DAVID: I saw something about that, alright. I’m not sure if I just dropped it or if I put it down and it fell off the table, but it wasn’t a sign of frustration with anybody.
Ryan Tubridy quit Twitter last year because of the abuse he was receiving but you continue to tough it out. Is it a case of not letting the fucking eejits win?
I’ve had quite a bit of abuse, though not as much as female colleagues. There’s a definite misogynistic strain to a lot of the keyboard warrior stuff. After doing an interview with a government minister, I’d unwisely take a look at Twitter and it would be like, “Argh, easy ride you gave them.” And you might have kicked them around the studio for 20 minutes. Some people clearly won’t be satisfied unless you actually deck your interviewee, which I’m not going to do unless the provocation gets really extreme. What you have to bear in mind is that you’re not doing your job for a Twitter mob. You’re doing the job for the vast majority of people in the country, who are not on social media necessarily, and certainly aren’t shouting and roaring about perceived bias. What you’re trying to do is extract information and hold people to account as fairly and with as much balance as you possibly can.
Have you ever been hurt by the criticism?

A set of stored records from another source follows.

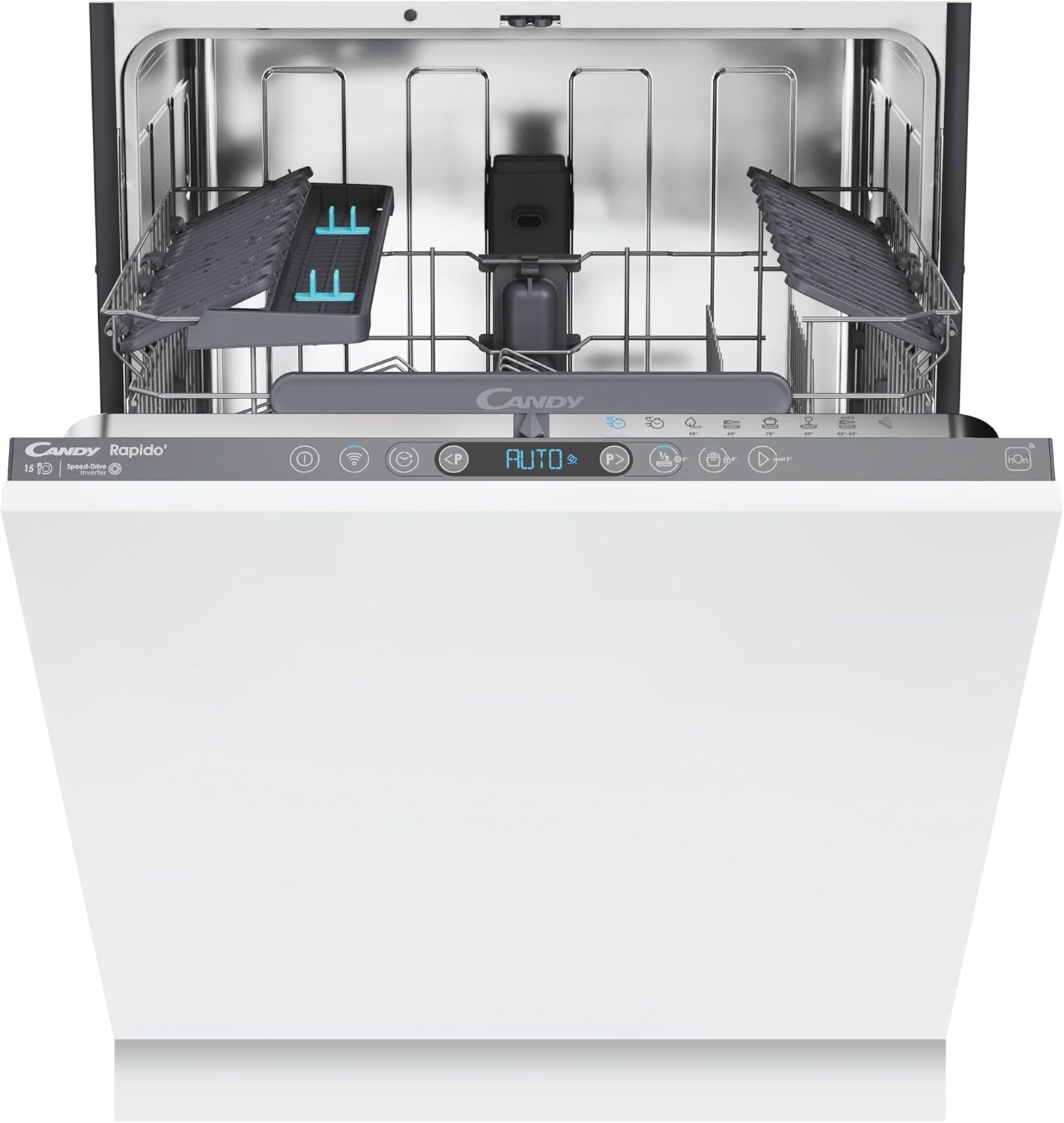 • The Smart door opening system can be selected on all the washing cycles of the new Candy Rapido'. During the drying phase, the door will automatically open a few centimetres. This will enable the air to circulate within the dishwasher in order to allow the natural drying of the dishes. The duration of the selected cycle will change to allow optimization of any temperatures used during the rinse phase and will provide a significant reduction in energy consumption.
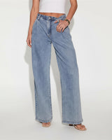 Design: Classic straight leg denim jeans in a refined blue wash, finished with subtle distressed detailing for an elegant yet casual look.
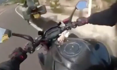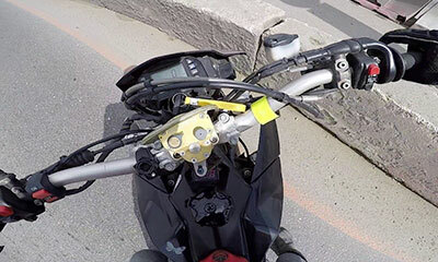 Un homme au guidon de s amont roule à vive allure sur une route. Alors qu’il suit et s’approche de son ami, il oublie de freiner et vient le percuter par l’arrière. Son pote est de suite éjecté de sa bécane pour venir he...
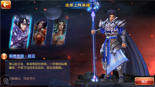 在选择完除了长相并无其它差异的召唤师头像后玩家会进入到相对重要些的上阵英雄选择界面。本作中可供玩家选择的有赵云、花木兰以及阿飞三个角色,他们有着不同的职业自然属性也有很大的差异。赵云用银枪、阿飞拿神剑,都是近程输出可攻可守,而花木兰则拿弓箭擅长远程,玩家在做决定时定要考虑自己的擅长部分。
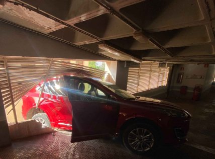 49-річна жінка намагалася припаркувати свій автомобіль на третьому поверсі паркінгу, коли сталася надзвичайна подія. Машина пробила захисні жалюзі на вікні будівлі, і її задня частина опинилася за межами споруди. Два задні колеса автомобіля зависли у повітрі на висоті приблизно 15 метрів.
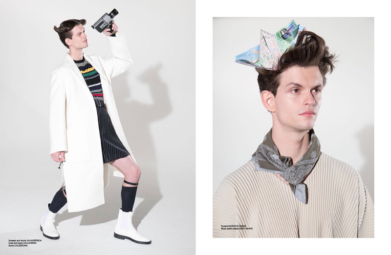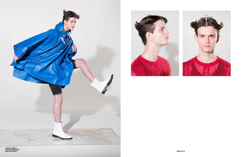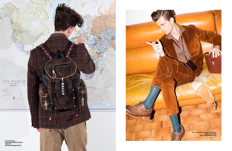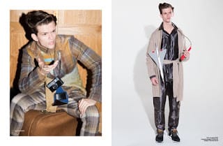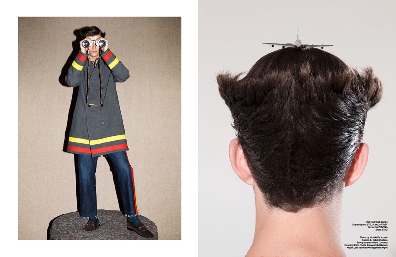 “José Vedovato goes quirky for the pages of AF Mag. Photographer Michele De Andreis captures José for a travel-inspired story entitled “Tales of a Modern Nomad.” Stylist Sabrina Mellace dreams up the concept and outfits José in fun designer looks. A quirky vision, José charms in a varied wardrobe. It includes smart pieces from brands such as J.W. Anderson, Corneliani, and Bally.” – TheFashionisto.com
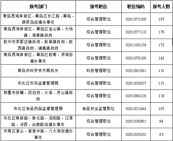報考人數(shù)前十職位:
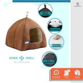 As caminhas pets da duke & dixie foram projetadas num formato de tenda e casa para cães e gatos usando um tecido suave e super confortável, veludo e poli espuma macio para dar todo o aconchego para o descanso do seu pet.
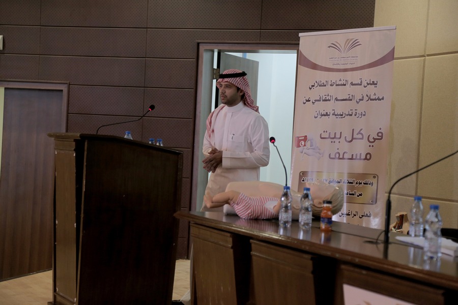 أقام قسم النشاط الطلابي ممثلاً بالقسم الثقافي بكليات الجامعة بالأفلاج اليوم دورة تدريبية لطلابها عن طريقة إنقاذ حياة المصابين والخطوات الأساسية للتعامل مع العديد من الحالات المصابة

If it’s not accompanied by a string of expletives, I’ve no problem with being told: “You made a balls of that!” but if there are expletives I make liberal use of the ‘block’ and ‘mute’ buttons. The important thing is “Don’t feed the trolls” because the worst thing you can do with a bully is let them know that they’re getting to you.
Social media hadn’t been invented when you got your first media gig in 1989 with the Evening Press. Do you come from a journalistic family?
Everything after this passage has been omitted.